To efficiently discover high-density genome-wide markers, we improved two main aspects of the GGRS protocol: 1) we simplified the protocol and redesigned a set of 252 adapter-barcodes in a single lane to further reduce the cost, and 2) we replaced the common divergent "forked" adapter using two different types of complementary adapters, which may help decrease the adapter dimers. In this study, a 252-plex GGRS library was constructed and successfully sequenced. All of the 252 samples were well represented with the exception of a few samples with extremely high or low numbers of good reads. We speculated that the read numbers obtained for samples may be due to poor DNA quality [30], accurate quantification of the high-molecular-weight DNA [17] and/or contamination of the DNAs with phenol/chloroform [31]. Additionally, the few high read numbers were mostly due to accurate quantification of the high-molecular-weight DNA, which remains a procedural bottleneck in multiplexed sequencing protocols [17]. Subsequently, the CV was 69% for the 252-plex library obtained in this study, which was somewhat higher than those obtain for the 72-plex pig GGRS library (CV = 43%) [18] and the 48-plex GBS library (CV = 43%) [17]; but lower than that obtained for the 96-plex Drosophila multiplexed shotgun genotyping library (CV = 89%) [32]. With regard to the highly multiplexed sequencing library, the CV obtained in this study was acceptable. To date, no studies have performed such highly multiplexed sequencing in chicken or even other animals.

Strict data filtering rules and SNP identification criteria were used to ensure high SNP confidence. For example, only reads with no non-calling bases throughout all 100 bases were retained, whereas some other studies retained reads with no non-calling bases in the first 72 [17] or 80 bases [18]. In addition, the loci that were genotyped with calling quality scores of more than 20 in more than 63 (25%) samples and an average sequencing depth greater than 5 x with an MAF higher than 0.05 were considered SNPs and were retained for further analysis. The iBLUP imputation method imputes missing genotypes using both identity-by-descent and linkage disequilibrium information; therefore, iBLUP imputes missing genotypes with greater accuracy than other imputation methods, such as BEAGLE. Even at a high missing rate of 70%, iBLUP can retain a high accuracy of 0.95, which is lower than that retained by BEAGLE (0.82) [27].

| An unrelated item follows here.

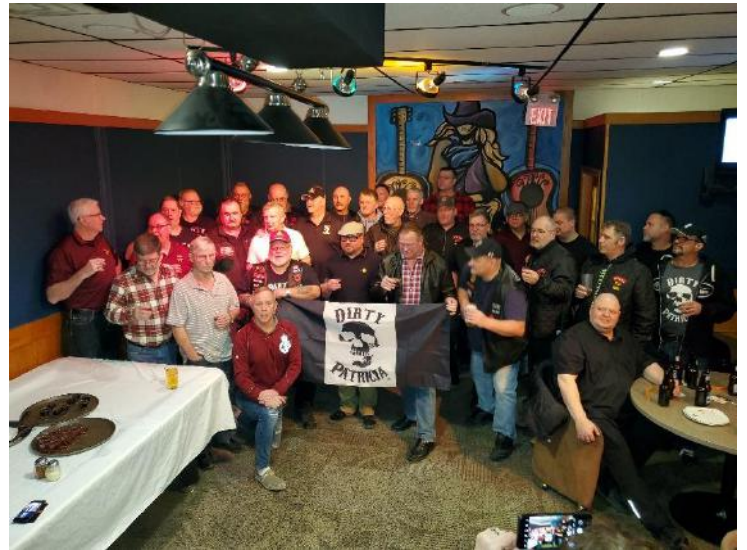
Toasting the Regiment 14 March 2020

The chicken genome size is approximately 35% that of mammalian genomes but contains similar gene numbers, which illustrates that the chicken genome is a compact genome [33]. Compared with the 60K chicken SNP chip, the GGRS method generated 34,131 more SNPs, and the identified SNPs were distributed evenly across chromosomes. However, the 600K SNP chip contains 580,954 SNPs and has the highest density among the three methods. The GGRS method is an open and flexible method that can detect novel SNPs with different design, whereas the chips with fixed SNPs cannot. When the sequencing coverage increasing to 10%, then the resulting SNPs number will be equivalent to that of the 600K chip. In chicken, GGA16 possesses only 535-kb reference sequences but contains the highly variable major histocompatibility complex (MHC) [34,35]. A total of 491 SNPs were identified in GGA16 using GGRS, which is obviously higher than that (29 SNPs) identified using the 60K chicken SNP chip but somewhat lower than that obtained using the 600K SNP chip. The SNP density of heterosome Z was the lowest, which may be due to its lower gene density than that of the autosomes, and previous studies have reported a lower recombination rate on Z than on autosomes and an approximately four-fold reduction in diversity in heterosome Z [36,37].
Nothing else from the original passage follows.